Extracted data:

%%

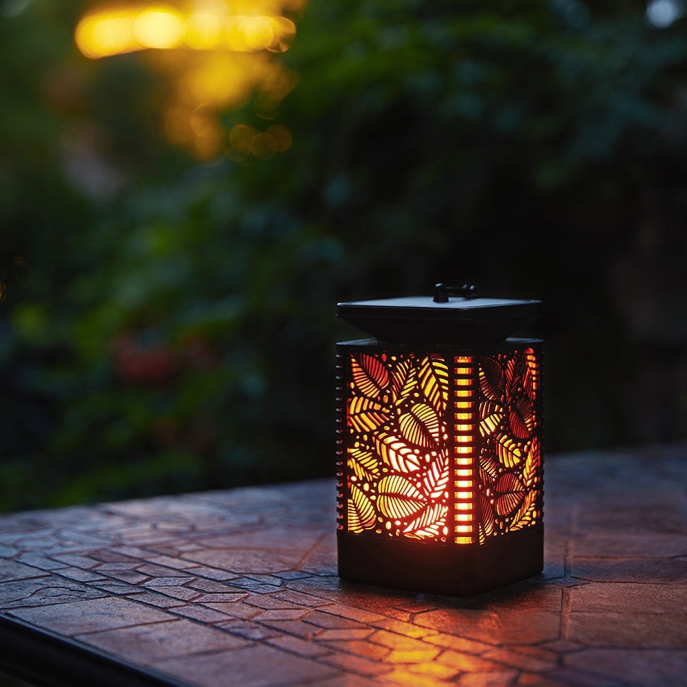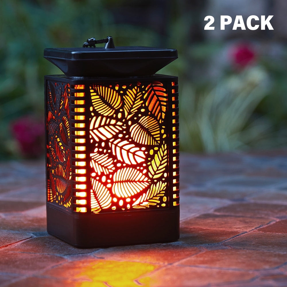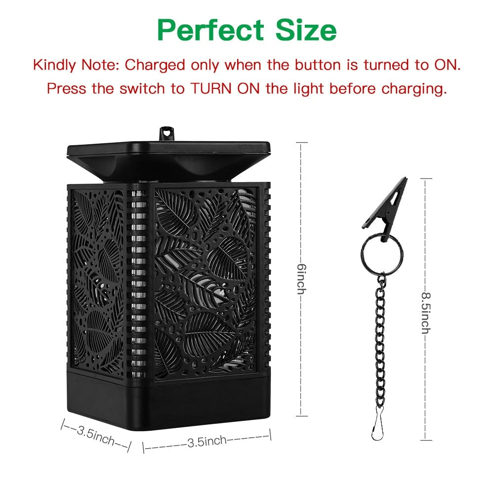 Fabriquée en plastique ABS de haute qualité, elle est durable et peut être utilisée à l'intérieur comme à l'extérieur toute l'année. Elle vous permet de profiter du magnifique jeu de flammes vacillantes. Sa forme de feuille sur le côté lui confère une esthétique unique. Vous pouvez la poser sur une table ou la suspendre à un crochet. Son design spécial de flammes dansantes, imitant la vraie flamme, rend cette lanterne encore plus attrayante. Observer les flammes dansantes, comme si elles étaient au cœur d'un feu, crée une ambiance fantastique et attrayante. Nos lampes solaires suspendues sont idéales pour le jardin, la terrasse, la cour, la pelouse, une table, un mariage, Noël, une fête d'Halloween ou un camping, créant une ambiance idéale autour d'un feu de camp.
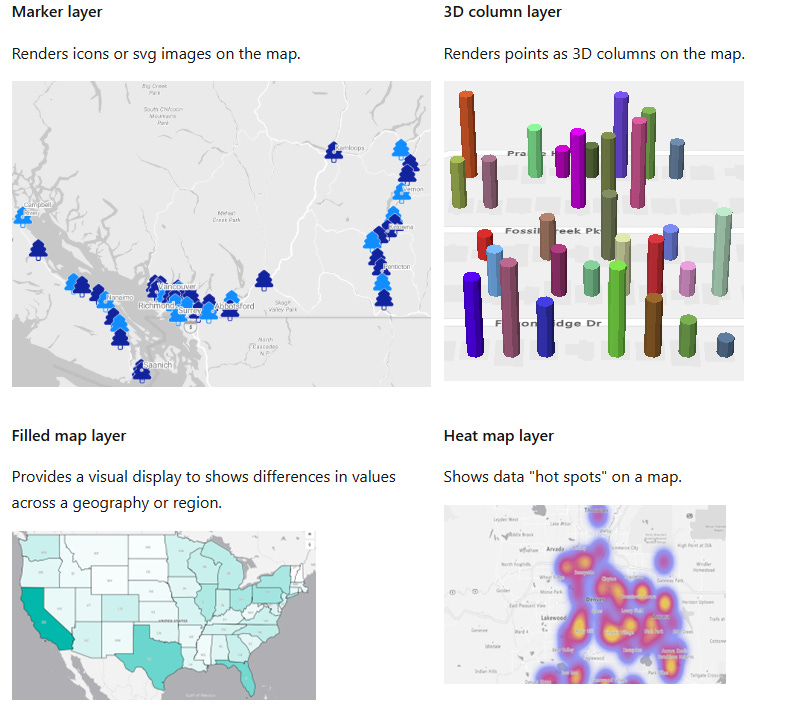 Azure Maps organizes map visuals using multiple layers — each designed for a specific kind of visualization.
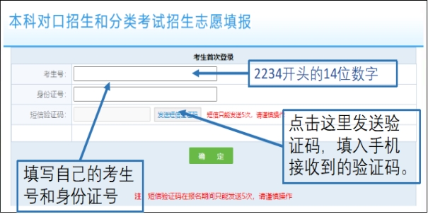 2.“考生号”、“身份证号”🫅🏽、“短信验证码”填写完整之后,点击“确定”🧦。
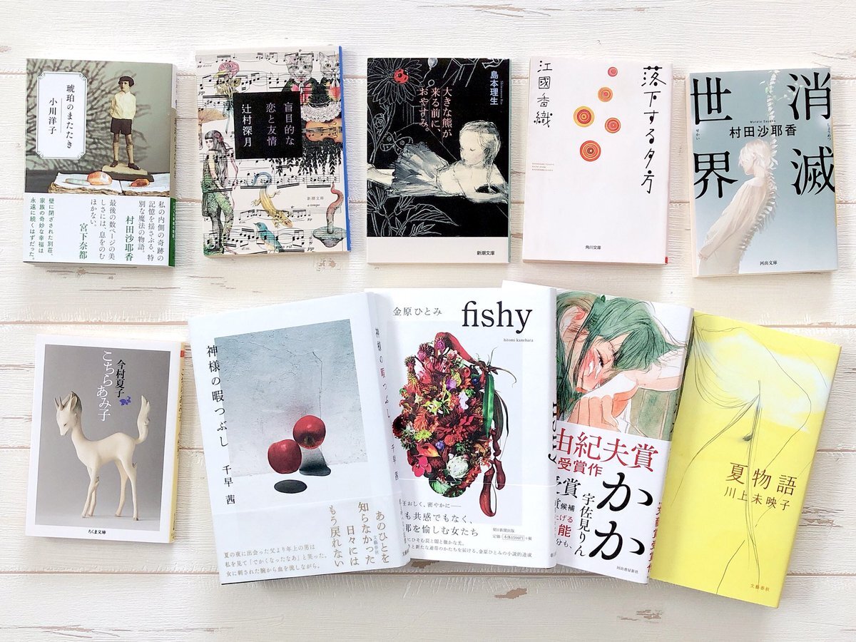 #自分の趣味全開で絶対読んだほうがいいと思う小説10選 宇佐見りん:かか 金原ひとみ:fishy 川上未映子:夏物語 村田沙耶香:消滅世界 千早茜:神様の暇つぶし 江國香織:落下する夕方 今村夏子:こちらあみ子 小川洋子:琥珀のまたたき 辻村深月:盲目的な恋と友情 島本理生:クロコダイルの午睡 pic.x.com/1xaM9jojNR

%%
%%

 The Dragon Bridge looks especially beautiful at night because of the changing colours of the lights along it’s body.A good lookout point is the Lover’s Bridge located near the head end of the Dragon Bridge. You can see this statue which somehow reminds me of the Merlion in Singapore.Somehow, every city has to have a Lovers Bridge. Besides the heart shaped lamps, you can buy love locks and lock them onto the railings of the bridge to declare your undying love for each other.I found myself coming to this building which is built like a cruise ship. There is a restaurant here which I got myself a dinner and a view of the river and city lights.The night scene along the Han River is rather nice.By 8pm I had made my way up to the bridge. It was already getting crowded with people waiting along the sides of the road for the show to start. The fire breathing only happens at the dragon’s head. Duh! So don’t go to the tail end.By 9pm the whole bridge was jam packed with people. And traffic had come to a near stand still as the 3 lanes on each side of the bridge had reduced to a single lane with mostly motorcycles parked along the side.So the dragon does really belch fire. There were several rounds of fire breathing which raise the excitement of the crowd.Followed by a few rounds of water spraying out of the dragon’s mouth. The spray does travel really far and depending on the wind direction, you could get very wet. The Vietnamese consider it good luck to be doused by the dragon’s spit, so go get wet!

%%

Exercise description: Please output the lines above beginning at the line with "Fabriquée en plastique" and ending after the line with "#自分の趣味全開で絶対読んだほうがいいと思う小説10選 宇佐見りん:かか 金原ひとみ:fishy", precisely as written and with no pictures.

Output of the task:
 Fabriquée en plastique ABS de haute qualité, elle est durable et peut être utilisée à l'intérieur comme à l'extérieur toute l'année. Elle vous permet de profiter du magnifique jeu de flammes vacillantes. Sa forme de feuille sur le côté lui confère une esthétique unique. Vous pouvez la poser sur une table ou la suspendre à un crochet. Son design spécial de flammes dansantes, imitant la vraie flamme, rend cette lanterne encore plus attrayante. Observer les flammes dansantes, comme si elles étaient au cœur d'un feu, crée une ambiance fantastique et attrayante. Nos lampes solaires suspendues sont idéales pour le jardin, la terrasse, la cour, la pelouse, une table, un mariage, Noël, une fête d'Halloween ou un camping, créant une ambiance idéale autour d'un feu de camp.
 Azure Maps organizes map visuals using multiple layers — each designed for a specific kind of visualization.
 2.“考生号”、“身份证号”🫅🏽、“短信验证码”填写完整之后,点击“确定”🧦。
 #自分の趣味全開で絶対読んだほうがいいと思う小説10選 宇佐見りん:かか 金原ひとみ:fishy 川上未映子:夏物語 村田沙耶香:消滅世界 千早茜:神様の暇つぶし 江國香織:落下する夕方 今村夏子:こちらあみ子 小川洋子:琥珀のまたたき 辻村深月:盲目的な恋と友情 島本理生:クロコダイルの午睡 pic.x.com/1xaM9jojNR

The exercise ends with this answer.